Using the data below, set down every line from the one containing "21.交通运输支出(类)成品" through the one containing "JINIWU2017多彩橡胶横带撞色潮流手工厚底圆头系带百变欧美皮鞋男", inclusive and unchanged. Pictures are to be skipped.

(Items listed in a dataset)
--

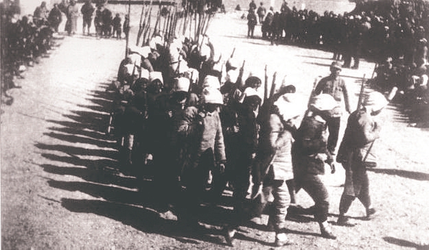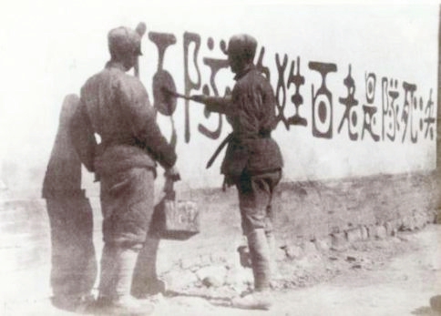 图2 山西新军既是战斗队,又是工作队。他们走到哪里,宣传到哪里,动员青年参军;组织人民武装自卫队、游击队;协助地方建党、建政,组建工、农、青、妇等群众团体,创建抗日根据地。图为1938年初,决死队战士在沁县书写宣传标语。
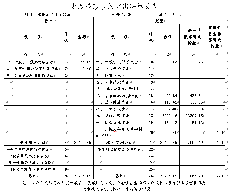 21.交通运输支出(类)成品油价格改革对交通运输的补贴(款)成品油价格改革补贴其他支出(项)
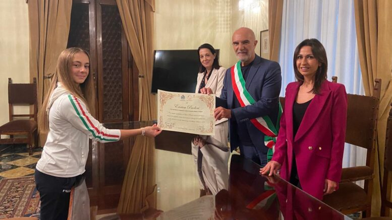 In Comune, a Pescara, riconoscimento a Enrica Paolini per il terzo posto ai Campionati Assoluti di Ginnastica ritmica svolti a Folgaria
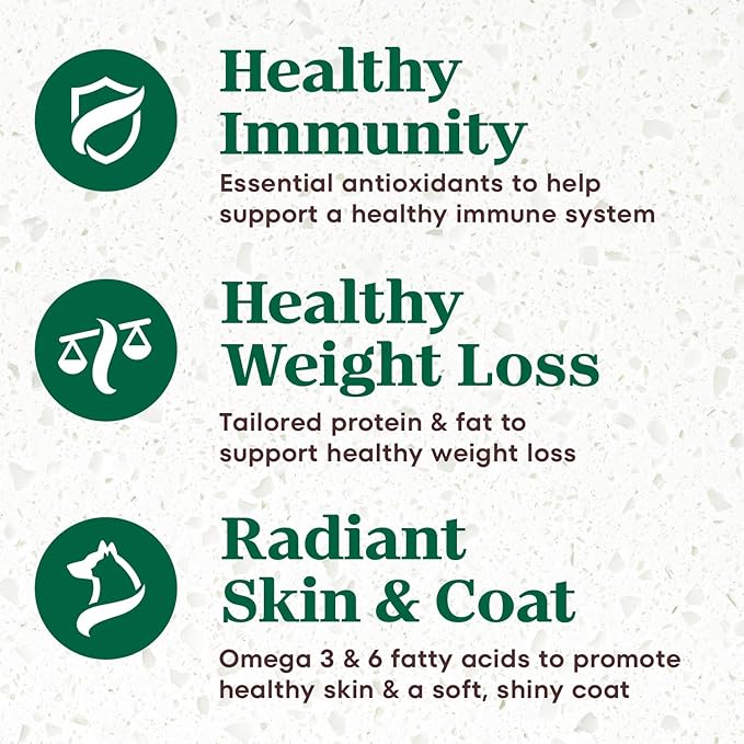 • Features trio of protein from chicken, lamb, and salmon—chicken is the ingredient—specially formulated for overweight adult dogs to help with healthy weight management
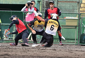 ![]() 気迫の内野安打で士気を高めた 須藤選手 |
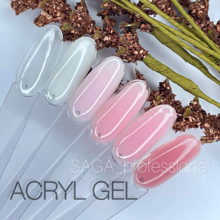 Saga professional Acryl Gel - качественные материалы для наращивания, ремонта и укрепления ногтей. Такой гель мелкозернистый, легко наносится и не прилипает к кисточке. Также он не забивает фрезу во время снятия.
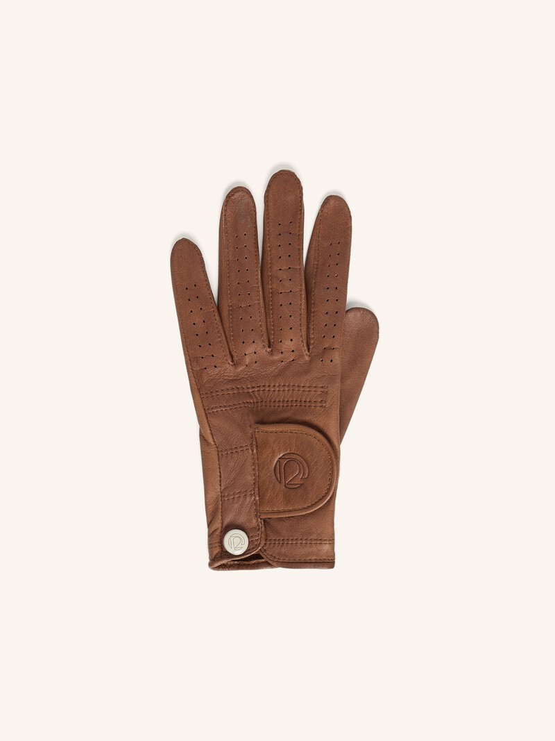 Перчатка для гольфа из нежной коричневой кожи с перфорацией — для тех, кто хочет выделяться на поле не только игрой. Она сидит на руке как влитая благодаря продуманному крою, отсутствию подкладки и застежке велкро. Кнопка с логотипом бренда отстегивается — ее можно использовать, чтобы отметить положение мяча на поле. Продается в коробке в комплекте с пыльником. Золотой статус LWG означает, что фабрика полностью отвечает требованиям к экологической безопасности процессов и химикатов, имеет все необходимые очистные сооружения и заботится о здоровье сотрудников.
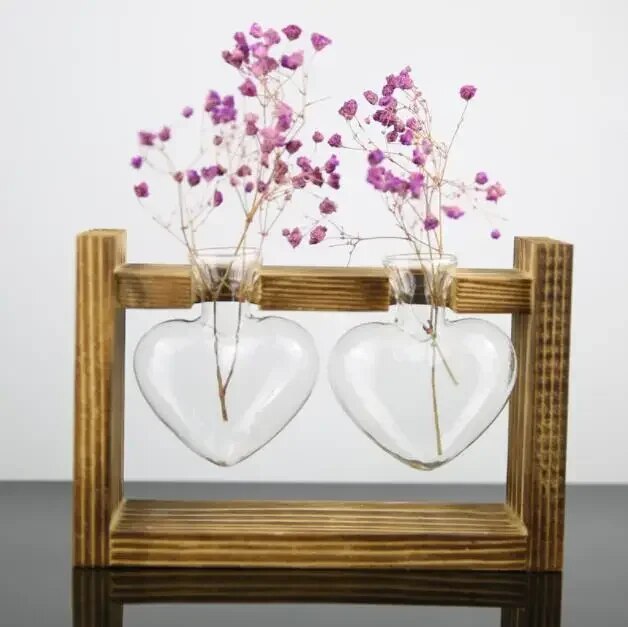 Vintage Wooden Frame Glass Vase: Hydroponic Plant Holder For Table Desktop, Heart Shape Home Decoration & Wedding Vase Color: Type A Double Bottle
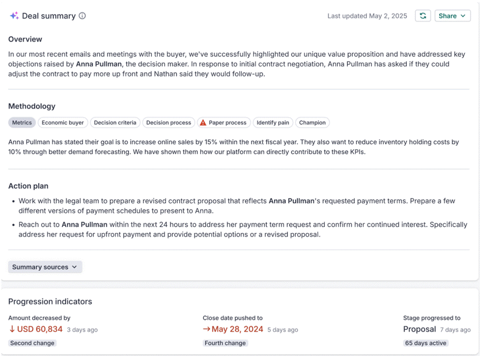 The Deal Summary Agent delivers an AI deal summary, including risks, engagement history, and next steps. The Conversations MEDDPICC extraction agent automatically pulls out insights from conversations and populates them into the methodology section of the deal summary to drive deal alignment and raise deal risks to sales leadership.
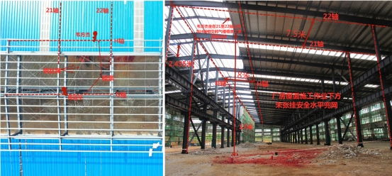 周某寧坐在氣樓G軸鋼梁上,韋某杰坐在氣樓H軸鋼梁上,兩人協(xié)作安裝鍍鋅鋼絲繩。屋面氣樓下方未張掛安全水平兜網(wǎng),氣樓邊緣與彩鋼瓦屋面高約2.435米,彩鋼瓦屋面至地面高約17米。(見圖2)
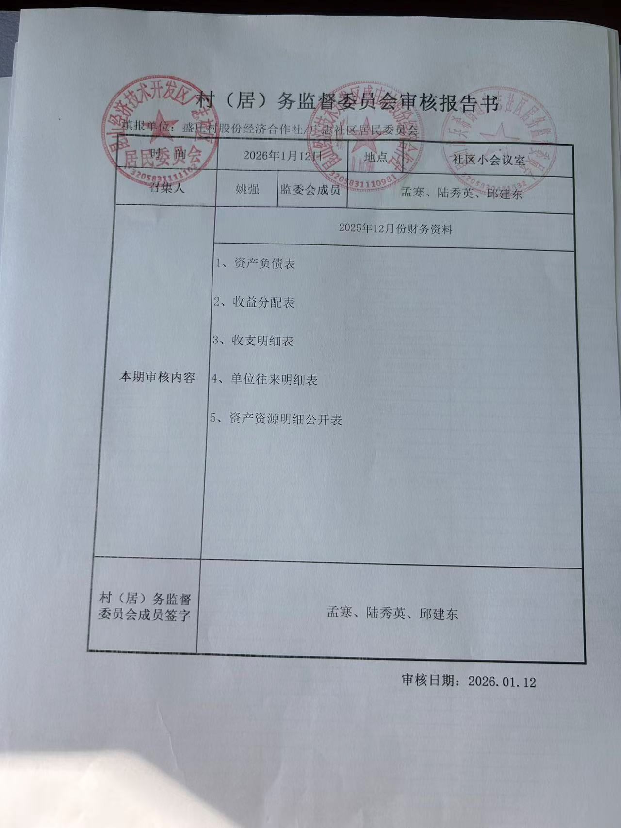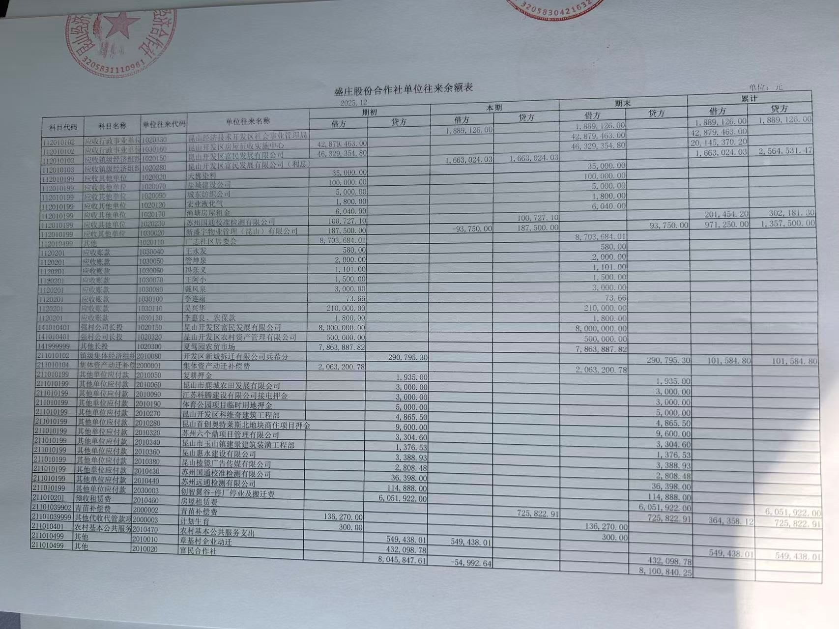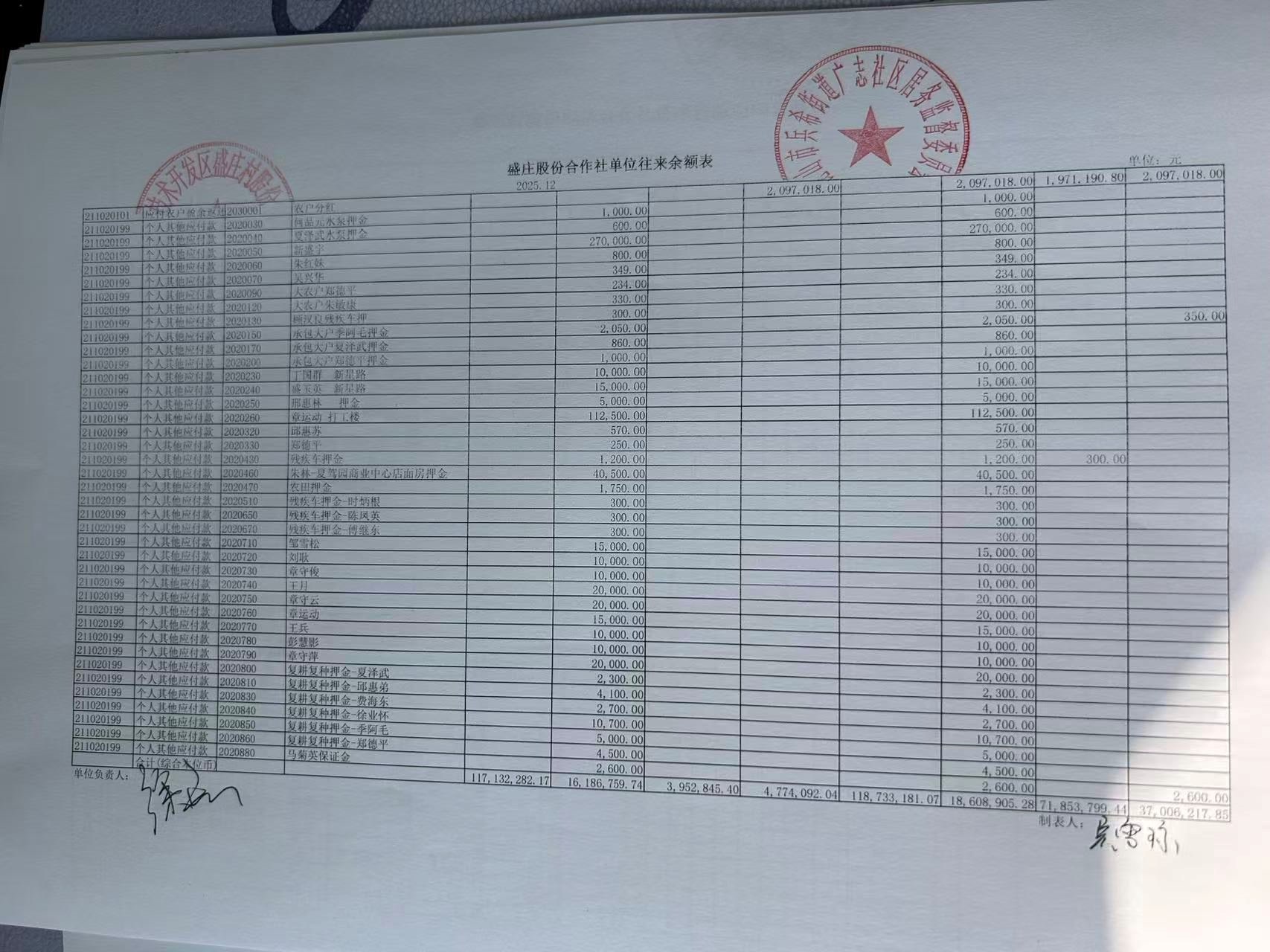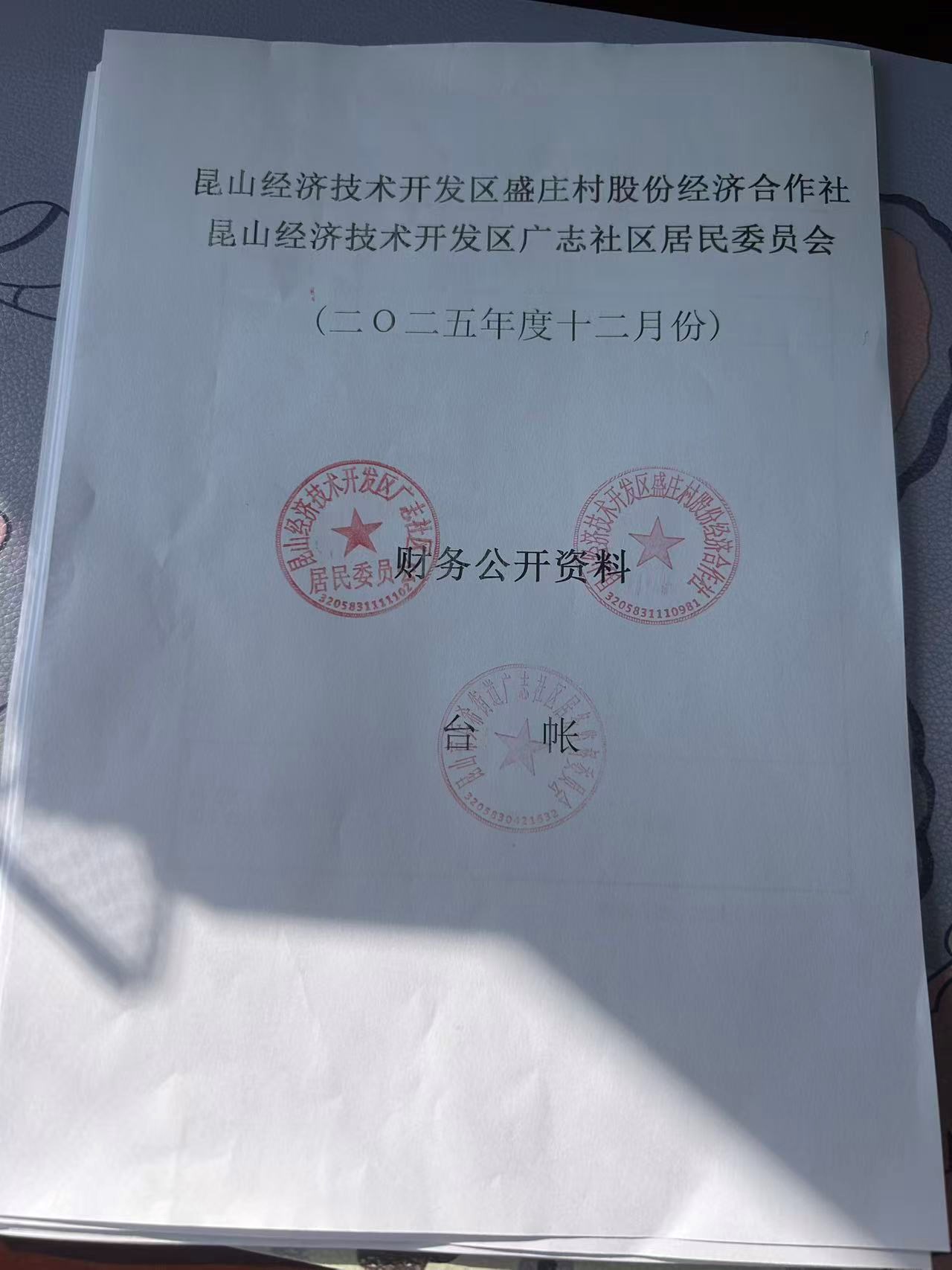 2025年12月份盛庄村股份经济合作社财务公开资料
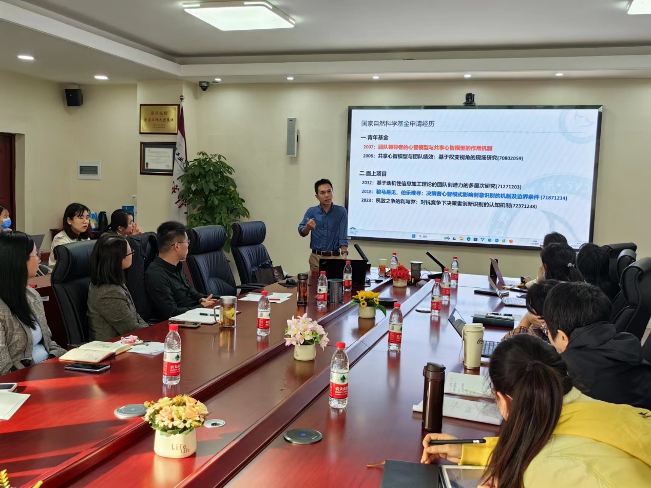获批2023年自科青年基金的经管公司杨汀老师也在会上为大家分享了自己的申报经验,鼓励大家积极申报。最后,白新文老师针对经管公司老师们提出的自科申报过程中遇到的问题进行了长达两个小时的解答与交流。参会老师纷纷表示白老师报告和解答为未来如何更好地撰写申报书打开了新思路,对未来成功申报课题也增强了信心。
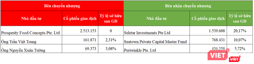 Theo đó, các nhà đầu tư ngoại là Seletar Investments Pte Ltd (một quỹ đầu tư có quan hệ mật thiết với Temasek Holdings), Seatown Private Capital Master Fund và Periwinkle Pte. Ltd sẽ mua tổng cộng 2,74 triệu cổ phần - tương ứng với 35,95% vốn điều lệ Golden Gate - từ Prosperity Food Concepts Pte. Ltd, ông Trần Việt Trung và ông Nguyễn Xuân Tường.
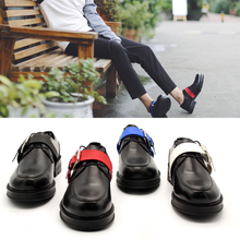 JINIWU2017多彩橡胶横带撞色潮流手工厚底圆头系带百变欧美皮鞋男
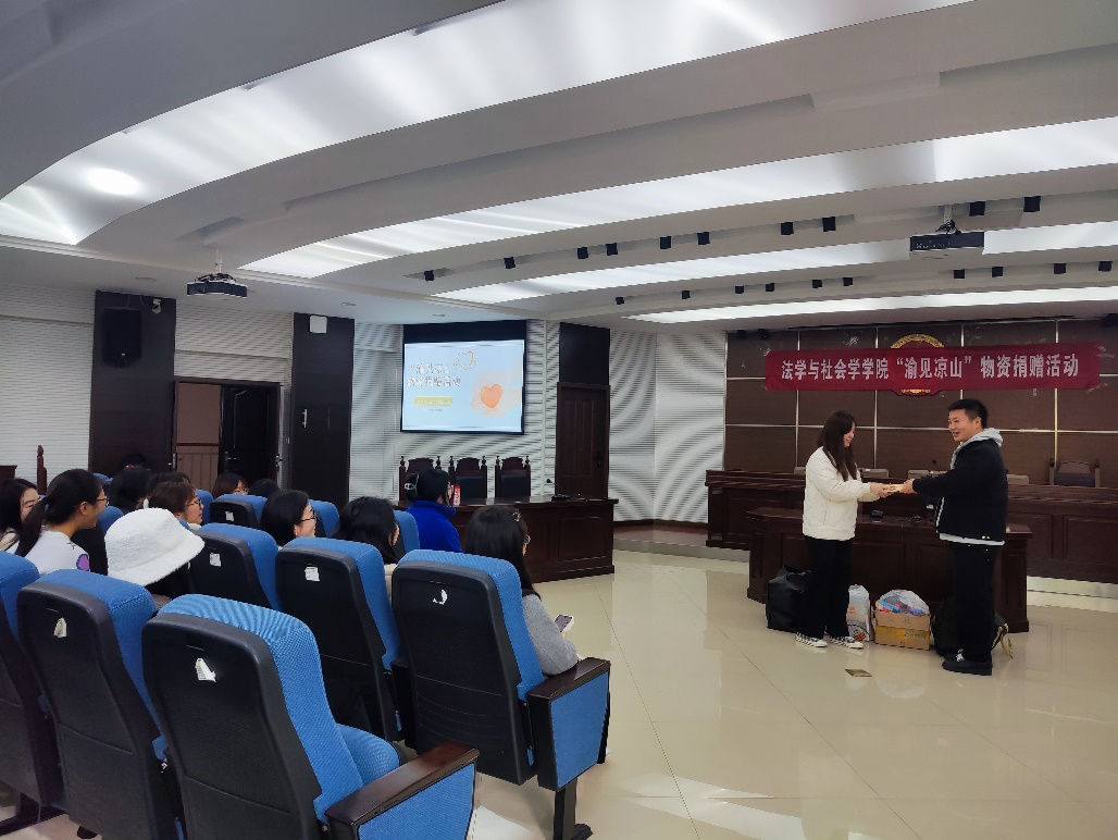 本次活动,我院为四川省凉山彝族自治州雷波县西宁镇光辉村募集到书籍、文具和衣物等物资,物资由来自光辉村的项目发起人苏永鹏作为代表接收。一件件爱心物品承载着学院学子对大凉山人民满满的爱。予人玫瑰,手留余香。爱心就在身边,奉献爱心,收获希望,互帮互助的精神已经深入到每一位参与者的心灵。
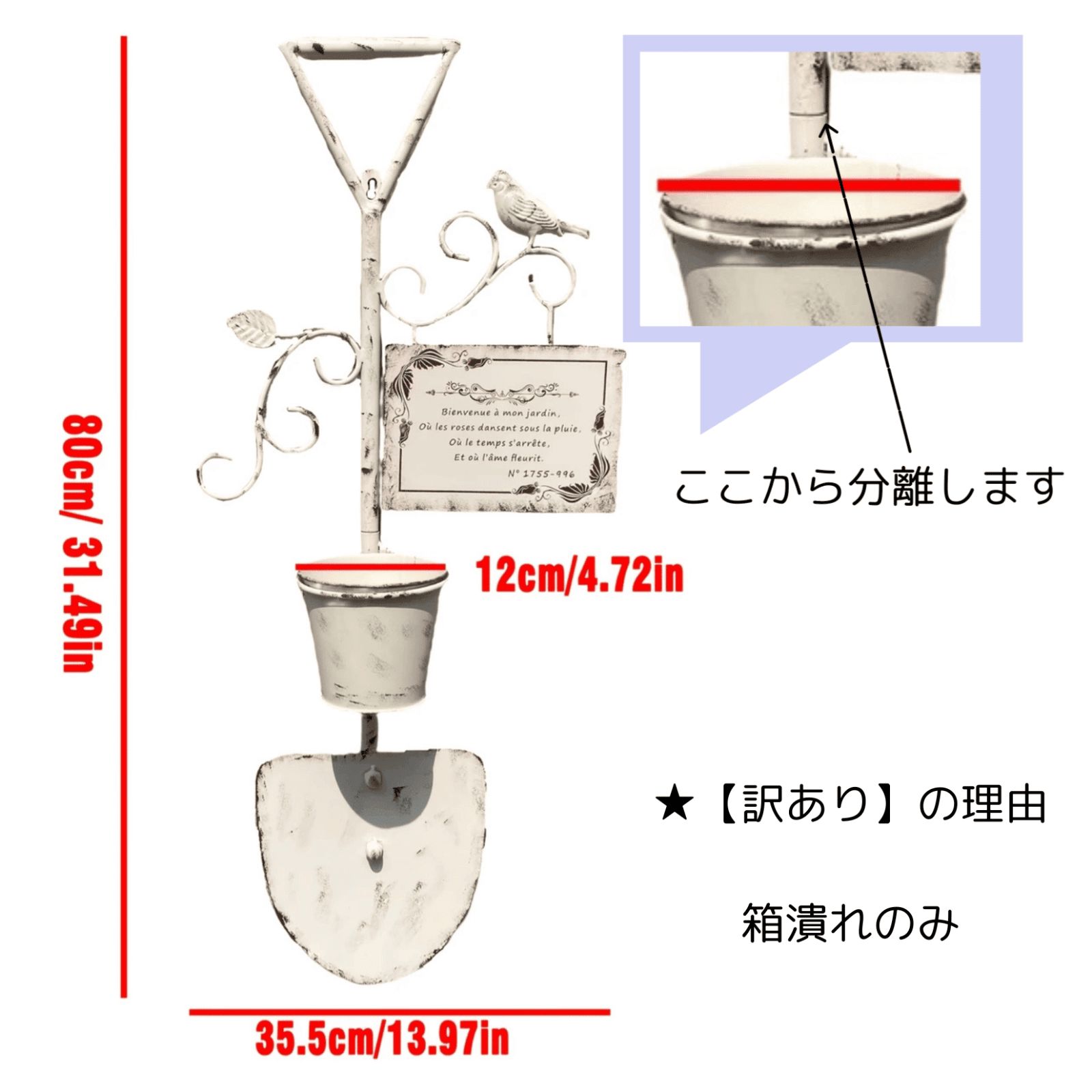 南仏プロヴァンス風 ウォールプランター アンティーク調壁飾り シャビーシック フランス語プレート 小鳥 可憐 ガーデン雑貨 シャベル形 アイアン アンティークホワイト インテリア

--

• [Task output]:
 21.交通运输支出(类)成品油价格改革对交通运输的补贴(款)成品油价格改革补贴其他支出(项)
 In Comune, a Pescara, riconoscimento a Enrica Paolini per il terzo posto ai Campionati Assoluti di Ginnastica ritmica svolti a Folgaria
 • Features trio of protein from chicken, lamb, and salmon—chicken is the ingredient—specially formulated for overweight adult dogs to help with healthy weight management
 ![]() 気迫の内野安打で士気を高めた 須藤選手 |
 Saga professional Acryl Gel - качественные материалы для наращивания, ремонта и укрепления ногтей. Такой гель мелкозернистый, легко наносится и не прилипает к кисточке. Также он не забивает фрезу во время снятия.
 Перчатка для гольфа из нежной коричневой кожи с перфорацией — для тех, кто хочет выделяться на поле не только игрой. Она сидит на руке как влитая благодаря продуманному крою, отсутствию подкладки и застежке велкро. Кнопка с логотипом бренда отстегивается — ее можно использовать, чтобы отметить положение мяча на поле. Продается в коробке в комплекте с пыльником. Золотой статус LWG означает, что фабрика полностью отвечает требованиям к экологической безопасности процессов и химикатов, имеет все необходимые очистные сооружения и заботится о здоровье сотрудников.
 Vintage Wooden Frame Glass Vase: Hydroponic Plant Holder For Table Desktop, Heart Shape Home Decoration & Wedding Vase Color: Type A Double Bottle
 The Deal Summary Agent delivers an AI deal summary, including risks, engagement history, and next steps. The Conversations MEDDPICC extraction agent automatically pulls out insights from conversations and populates them into the methodology section of the deal summary to drive deal alignment and raise deal risks to sales leadership.
 周某寧坐在氣樓G軸鋼梁上,韋某杰坐在氣樓H軸鋼梁上,兩人協(xié)作安裝鍍鋅鋼絲繩。屋面氣樓下方未張掛安全水平兜網(wǎng),氣樓邊緣與彩鋼瓦屋面高約2.435米,彩鋼瓦屋面至地面高約17米。(見圖2)
 2025年12月份盛庄村股份经济合作社财务公开资料
获批2023年自科青年基金的经管公司杨汀老师也在会上为大家分享了自己的申报经验,鼓励大家积极申报。最后,白新文老师针对经管公司老师们提出的自科申报过程中遇到的问题进行了长达两个小时的解答与交流。参会老师纷纷表示白老师报告和解答为未来如何更好地撰写申报书打开了新思路,对未来成功申报课题也增强了信心。
 Theo đó, các nhà đầu tư ngoại là Seletar Investments Pte Ltd (một quỹ đầu tư có quan hệ mật thiết với Temasek Holdings), Seatown Private Capital Master Fund và Periwinkle Pte. Ltd sẽ mua tổng cộng 2,74 triệu cổ phần - tương ứng với 35,95% vốn điều lệ Golden Gate - từ Prosperity Food Concepts Pte. Ltd, ông Trần Việt Trung và ông Nguyễn Xuân Tường.
 JINIWU2017多彩橡胶横带撞色潮流手工厚底圆头系带百变欧美皮鞋男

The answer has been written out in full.